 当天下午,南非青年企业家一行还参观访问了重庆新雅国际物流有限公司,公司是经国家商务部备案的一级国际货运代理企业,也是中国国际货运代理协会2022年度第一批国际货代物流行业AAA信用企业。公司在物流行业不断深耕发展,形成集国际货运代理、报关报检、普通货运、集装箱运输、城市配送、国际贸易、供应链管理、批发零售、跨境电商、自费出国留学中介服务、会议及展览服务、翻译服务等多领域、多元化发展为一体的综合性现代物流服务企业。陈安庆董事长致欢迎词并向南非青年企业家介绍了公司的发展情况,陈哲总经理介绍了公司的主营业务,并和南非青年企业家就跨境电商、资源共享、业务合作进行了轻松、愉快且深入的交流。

____

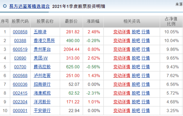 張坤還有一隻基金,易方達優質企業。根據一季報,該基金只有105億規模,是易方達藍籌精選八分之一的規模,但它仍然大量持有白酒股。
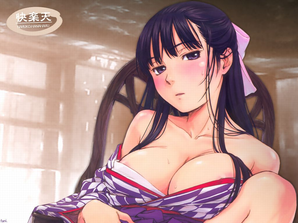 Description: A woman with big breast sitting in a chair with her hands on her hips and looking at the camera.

____

Everything above from the line with "張坤還有一隻基金,易方達優質" through the line with "Description: A woman" should be retyped exactly, and nothing else; omit pictures.

__PROBLEM SOLUTION__:
 張坤還有一隻基金,易方達優質企業。根據一季報,該基金只有105億規模,是易方達藍籌精選八分之一的規模,但它仍然大量持有白酒股。
 Description: A woman with big breast sitting in a chair with her hands on her hips and looking at the camera.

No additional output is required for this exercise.